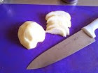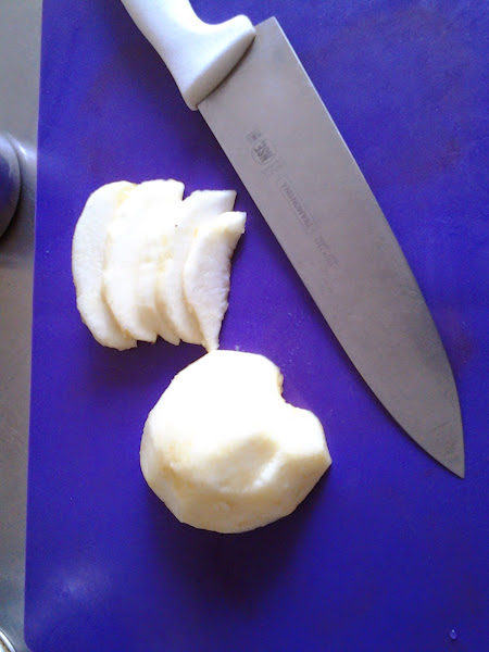 Pelar y cortar las manzanas en lascas y sumergir en agua con unas gotas de limón mientras las vamos cortando para evitar que se oxiden, escurrir el agua
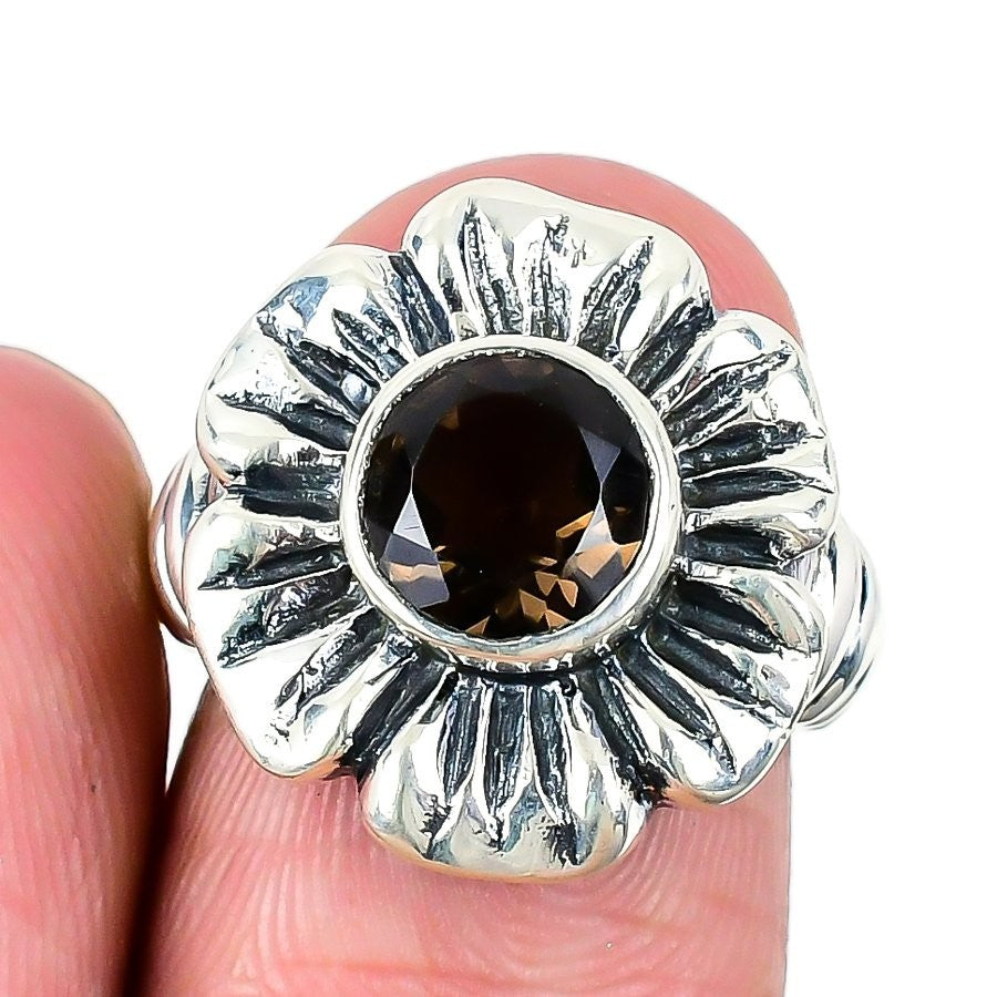 Smoky Topaz Gemstone Unique Art Deco Statement Ring Jewelry Solid Silver US 6
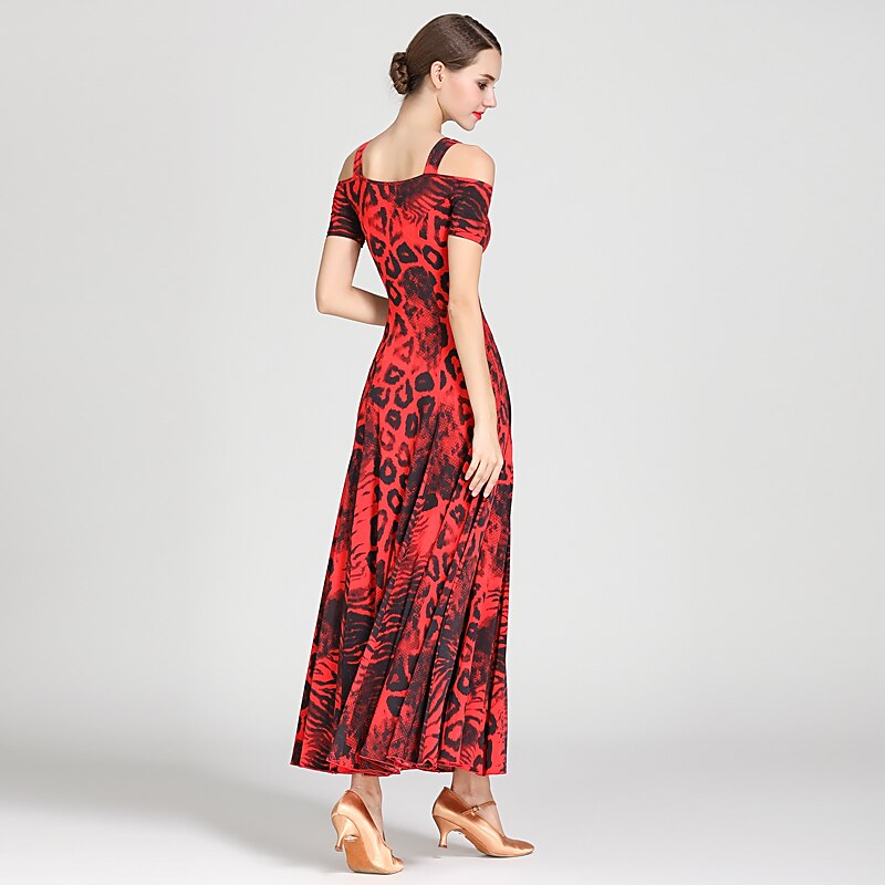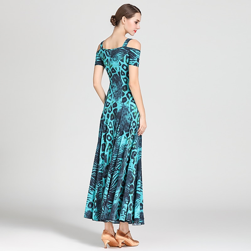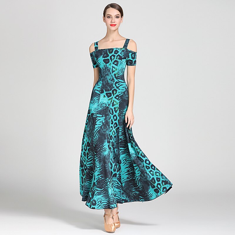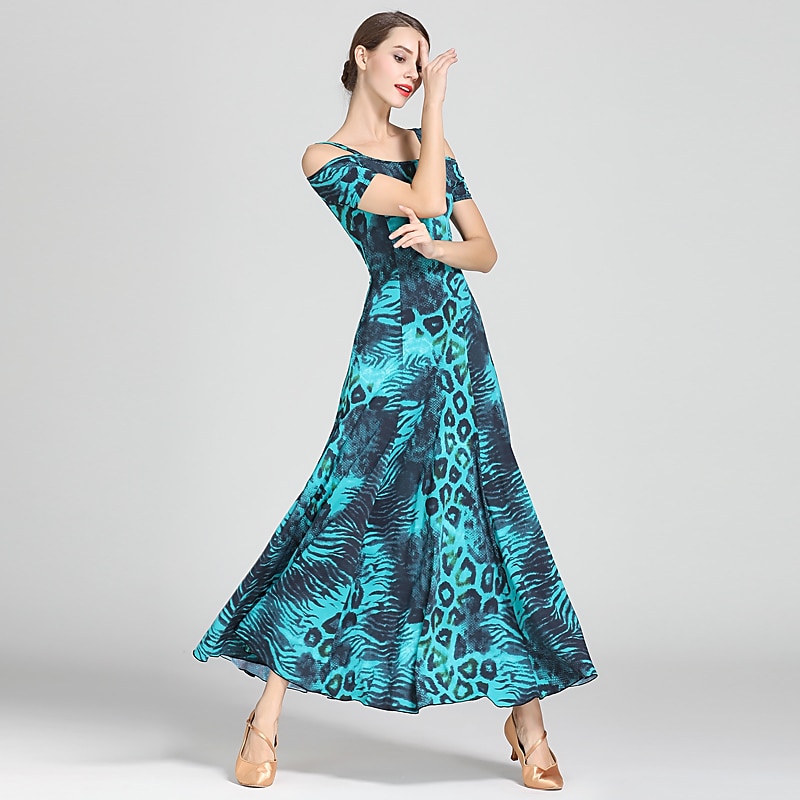 Ballroom Dance Dress Draping Pattern / Print Women's Training Performance Short Sleeve High Ice Silk 3

▶ [WHAT IS REQUIRED]
Nothing but the lines from the one containing "Smoky Topaz Gemstone" through the end of the listing is to be output, and those lines are to be output exactly, pictures excluded.

▶ [COMPLETED EXERCISE]
 Smoky Topaz Gemstone Unique Art Deco Statement Ring Jewelry Solid Silver US 6
 Ballroom Dance Dress Draping Pattern / Print Women's Training Performance Short Sleeve High Ice Silk 3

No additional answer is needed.